__WHAT THE TASK REQUIRES__
Please copy out every line in the records below that includes the word "legal".
*** Opening of RECORDS SHOWN ***
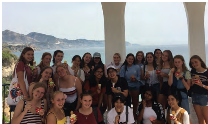
Tri nations trip - Students in Nerja, in the South of Spain
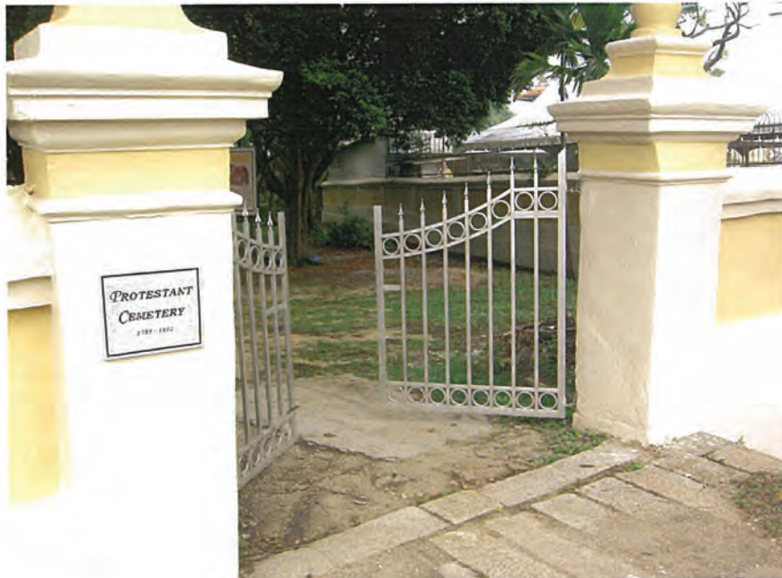
below – newly restored gates at the same cemetery (2007)
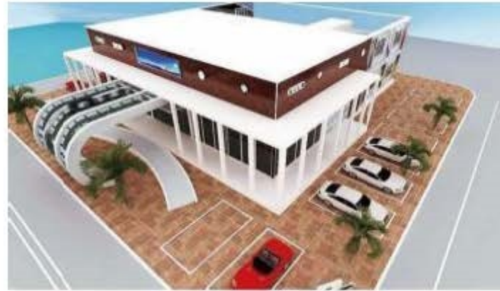
Build Chain 4S Store
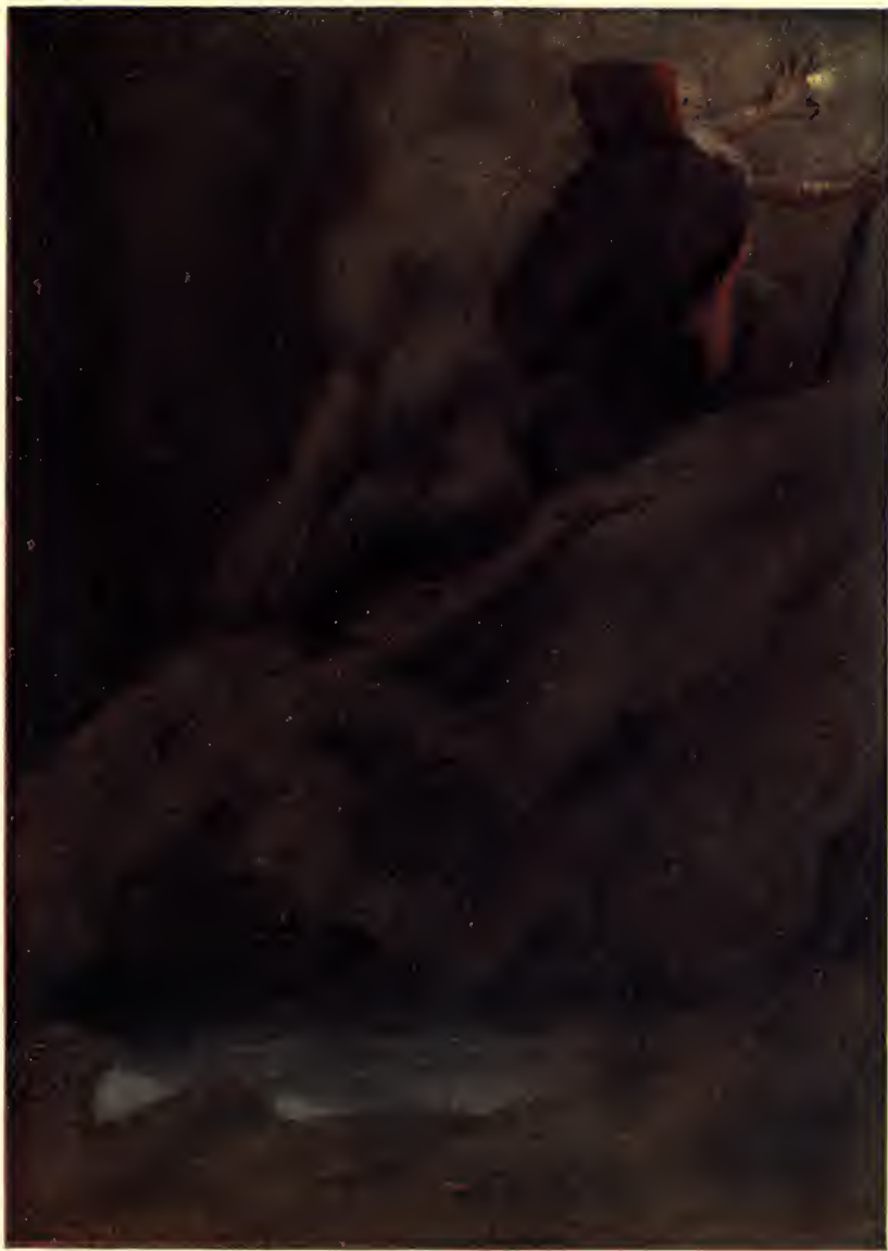
HE PENETRATED INTO GLOOMY CAVERNS
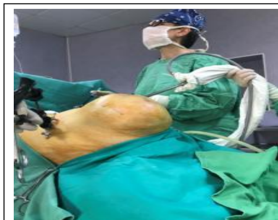
Figure.5 Laparoscopic cholecystectomy in a patient with giant umbilical hernia
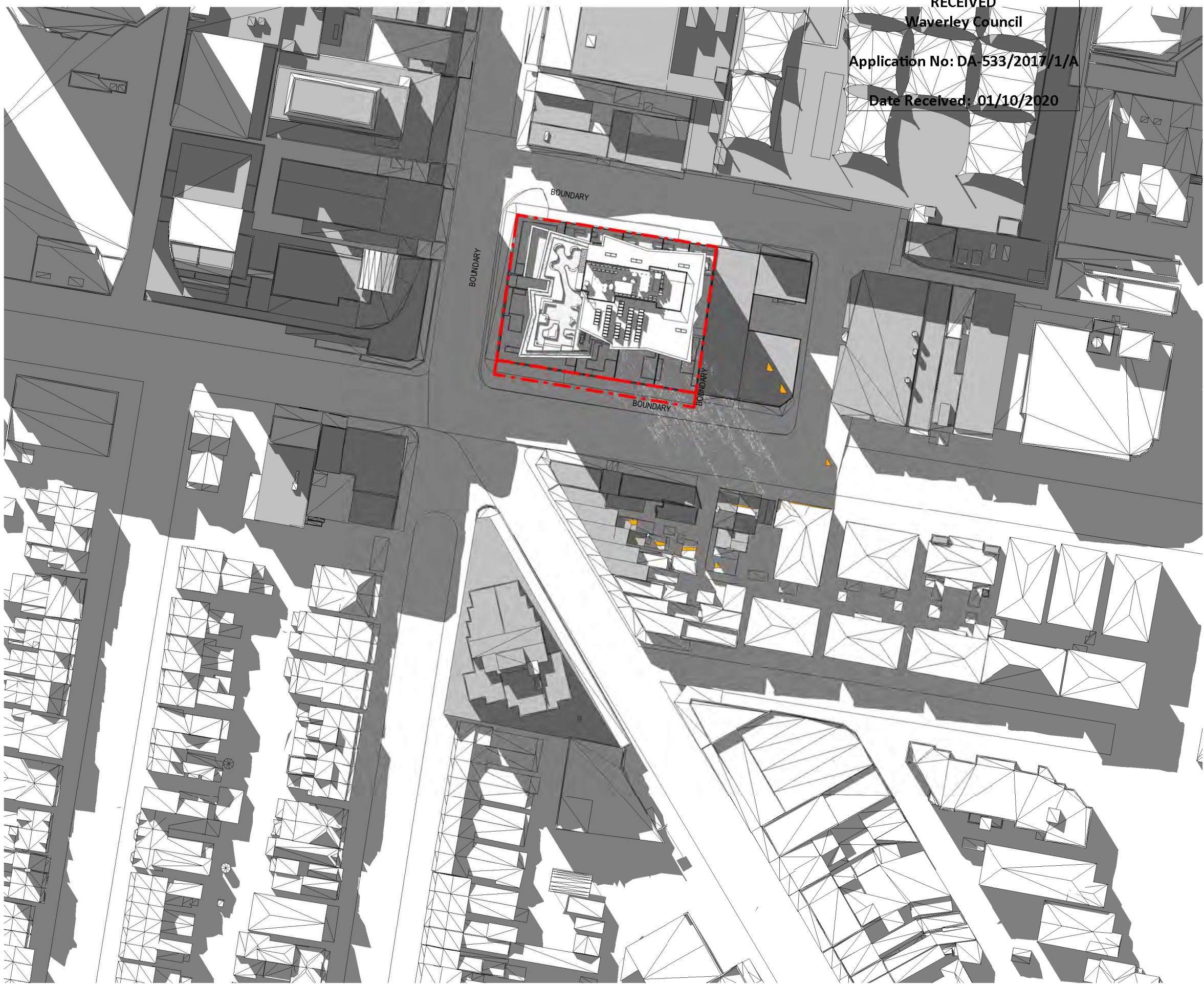
2 SOLAR ANALYSIS - 2PM (PROPOSED vs APPROVED) 1 : 1000
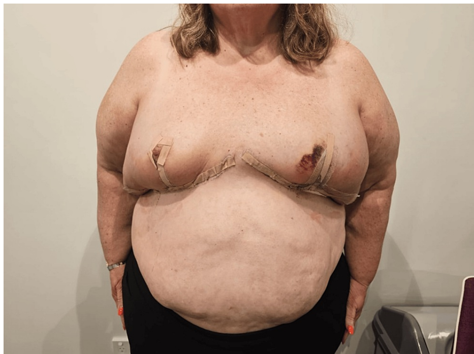
FIGURE 3: Immediate post-operative photo showing symmetrical breast contours.

The apex of the reduction pattern is positioned along the breast meridian projecting forward from the level of the inframammary fold. Vertical limbs are then drawn at an 80-degree angle. The medial and lateral horizontal lines are then drawn.
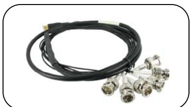
Trigger Out Cable
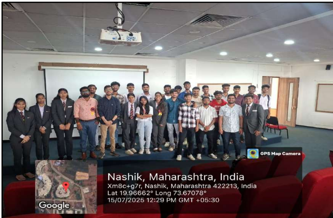
Photograph 4: Post-Event Photograph
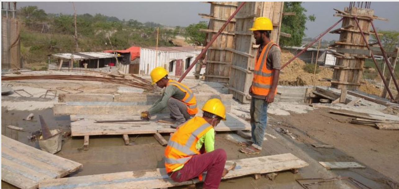
Ground Floor-Column Shuttering Work on 12-05-21
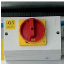
Safety switch. Power supply 50Hz or 60Hz.
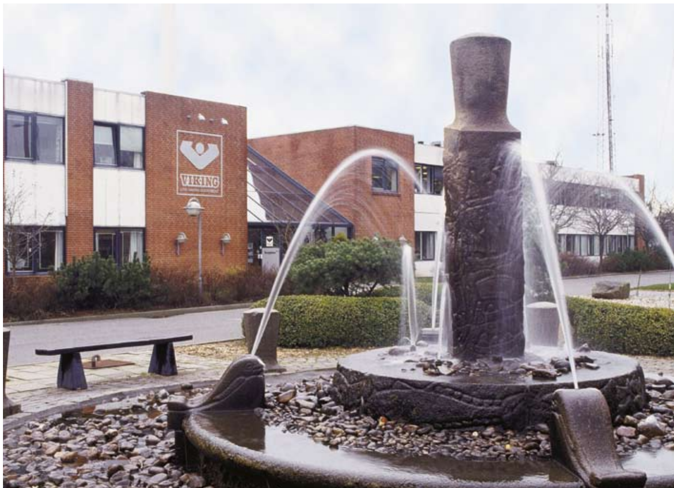
Our international headquarters in Denmark
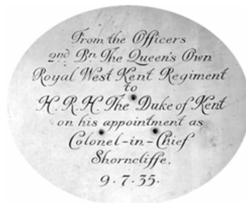
Lot 118 (interior detail)
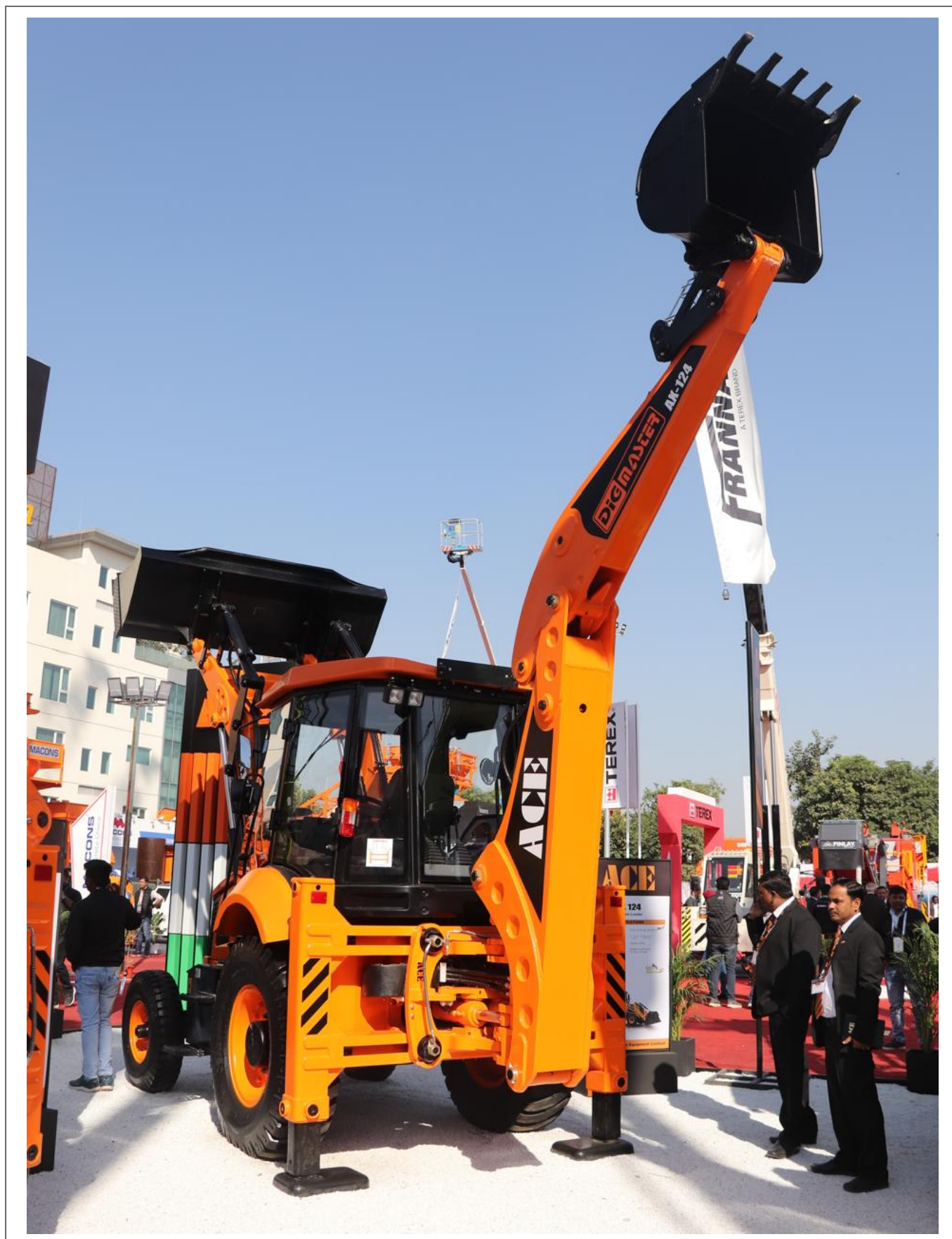
ACE Unveils Next-Gen BS-V(CE-V) Backhoe Loader at Bauma Conexpo 2024
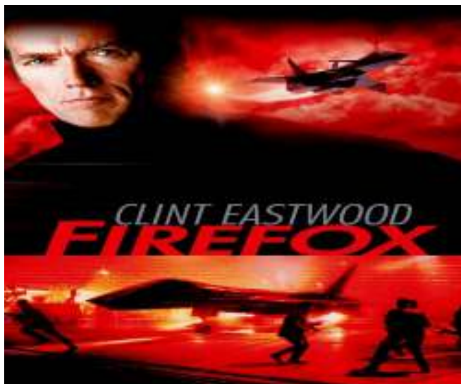
Fig 11: Firefox movie poster
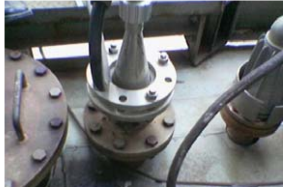
The 12 in (300 mm) nozzle on which the Process Seal antenna is mounted.

http://www.emersonprocess.com/solutions/chemical
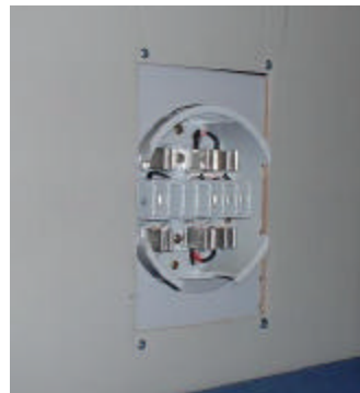
Surface Mount Adapter installed
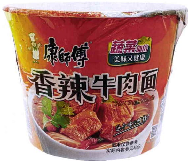
Figure 5. Unregistered Instant Noodles with Beef and Chili in Orange Paper Bowl Packaging (In Foreign Language)
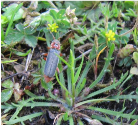
Soldier Beetle, Buckshorn Plantain Spotted Medick

(Also seen, the day before - Butterflies: Small Heath, Orange Tip and Comma.)
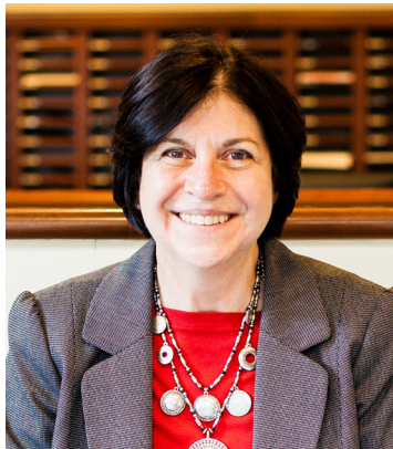
Associate Dean for Student Affairs and Communications at the University of Maryland Francis King Carey School of Law and Immediate-Past Chair of the Board of Trustees of the Law School Admission Council

The combination of the Internet as well as the rise of the rankings and of critics of legal education has led to another phenomenon that simply didn't exist 35 years ago. There exists a cohort of law students who enroll in whatever school admits them and provides the best economic package for the first year, with the explicit plan to “trade up” at the end of the first year. This is not a development about which I can say anything positive from the perspective of someone who is trying to maintain a community.
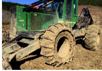
John Deere 648H 207834 (C) 648H, PowerShift, Forestry, 2007, 13469 hours, 185hp, Used, 30.5x32, 30.5x32 $80,000.00+GST
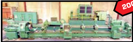
WOHLBERG PB2-1000 X 4M COUNTER ROTATING DEEP HOLE BORING MACHINE
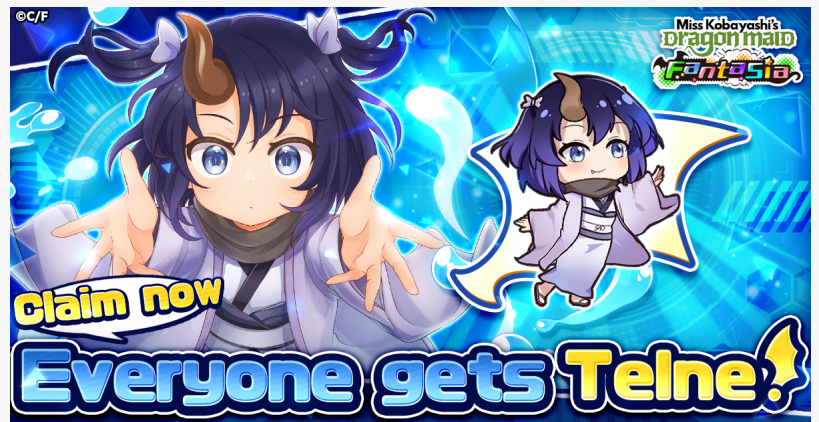
Claim now! Everyone gets "Telne!"
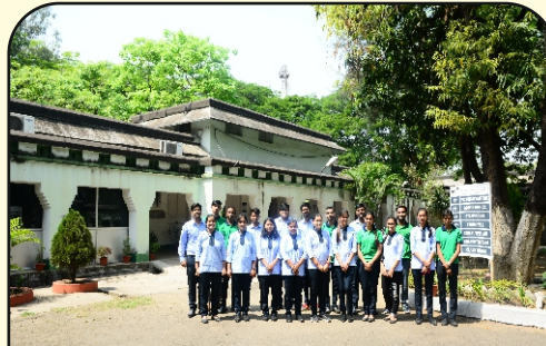
J - ROAD CAMPUS
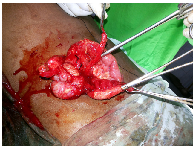
Fig. 2. Part of circumference of tubular structures is cut and artery forceps were inserted.
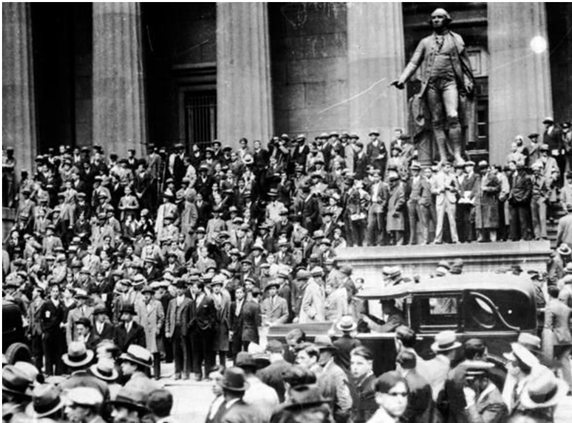
Huge crowds gather outside the Sub Treasury Building (now Federal Hall National Memorial) and around the statue of George Washington, opposite the New York Stock Exchange, at the time of the Wall Street Crash in October 1929. The Statue of Washington commemorates where he was sworn in as the first President of the United States by Robert R. Livingston on April 30, 1789.

financial gains of the great bull market were shattered on Black Thursday, when share prices on the NYSE collapsed. Stock prices fell on that day and they continued to fall, at an unprecedented rate, for a full month.
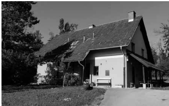
The central building with offices and primary school classrooms

We visited PRTI on 16 May 2017 . We inspected the facilities and talked to the children and adolescents and the staff. After the visit, we reviewed the documents in the personal files of six adolescents. Based on the information that it obtained during its visit and after reviewing available documents, the NPM believes PRTI is carrying out its activities in accordance with its mission. Of the 11 recommendations which were made during our last visit on 12 May 2015, the institution has implemented four and accepted two of these recommendations. Two out of the five recommendations have been implemented only by the PRTI and not also by the competent ministry 29 and the NPM therefore repeated the recommendations during this year's visit.
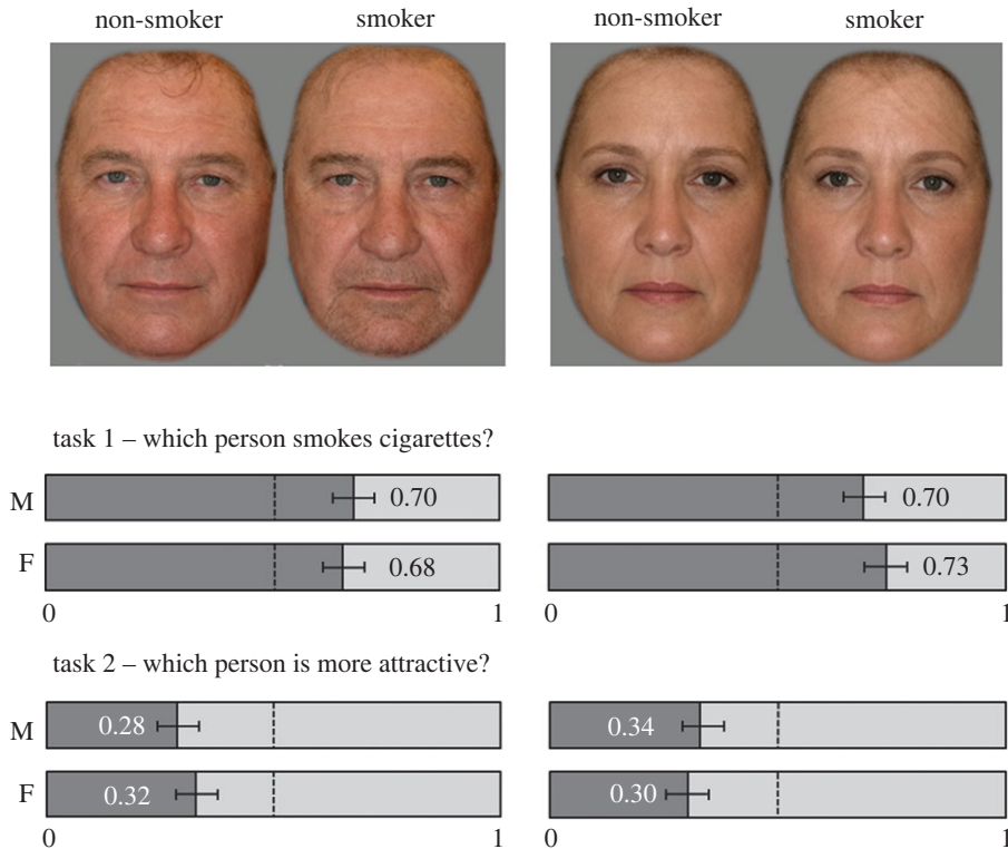
Figure 4. Mean judgements of smoking status and attractiveness in male and female prototypes from male (M) and female (F) participants. Responses were coded as non-smoker = 0, smoker = 1. Dotted vertical shows 0.5 level. Error bars are 95% binomial confidence intervals.

Participants were able to correctly identify which prototypes were formed from smokers, suggesting facial appearance provides some information about smoking status. Non-smoking prototype faces formed from the faces of non-smoking identical twins were judged more attractive than smoking prototype faces formed using the smoking twin siblings. This provides evidence that, while there will be some individual variation, the faces of people that smoke may age in a less attractive manner than those that do not.
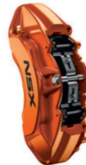
ORANGE BRAKE CALLIPERS
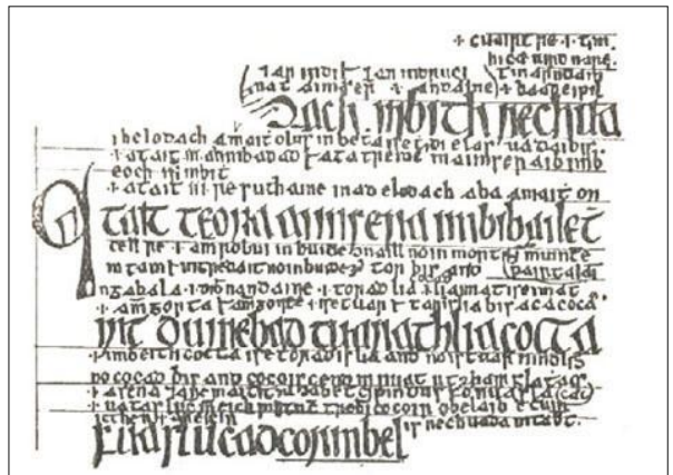
Figure 5. Senchus Mór fragment. The primary text is in larger script; the commentary text, in the smaller

The Senchus Mór is a collection of legal decisions by the Celtic judges, together with detailed commentaries on the individual decisions. Both the Celtic judges and the Celtic poets had their roots in the ancient druid religion before Christianity. The Druids or druí were as highly ranked in their time as Nuallán the fili was in the 10 th century. They performed several functions: They conducted all the sacred religious rites. They were seers, healers, poets, and judges. By the Christian era, however, the various druidic functions had become separate professions. 36
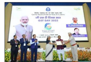
CBIC honoured 50,000 taxpayers and officers who contributed to the GST success story.

The country commemorated Sixth Goods and Services Tax (GST) Day on July 1 to honour the successful implementation of the GST regime. It was celebrated with the vision GST@6 सरलीकृत कर, समग्र विकास with Ms. Nirmala Sitharaman, Hon. Union Minister for Finance & Corporate Affairs, presiding over as the Chief Guest and Sh. Pankaj Chaudhary, Hon. Union Minister of State for Finance, as the Guest of Honour. Senior officials from Ministry of Finance, Central Board of Indirect Taxes and Customs (CBIC) & Central Board of Direct Taxes (CBDT) and other government departments were present. Minister Nirmala Sitharaman, while addressing the function, said, “GST is the embroidery that stitches the diversity
*** Close of RECORDS SHOWN ***
__TASK RESULT__
The combination of the Internet as well as the rise of the rankings and of critics of legal education has led to another phenomenon that simply didn't exist 35 years ago. There exists a cohort of law students who enroll in whatever school admits them and provides the best economic package for the first year, with the explicit plan to “trade up” at the end of the first year. This is not a development about which I can say anything positive from the perspective of someone who is trying to maintain a community.
The Senchus Mór is a collection of legal decisions by the Celtic judges, together with detailed commentaries on the individual decisions. Both the Celtic judges and the Celtic poets had their roots in the ancient druid religion before Christianity. The Druids or druí were as highly ranked in their time as Nuallán the fili was in the 10 th century. They performed several functions: They conducted all the sacred religious rites. They were seers, healers, poets, and judges. By the Christian era, however, the various druidic functions had become separate professions. 36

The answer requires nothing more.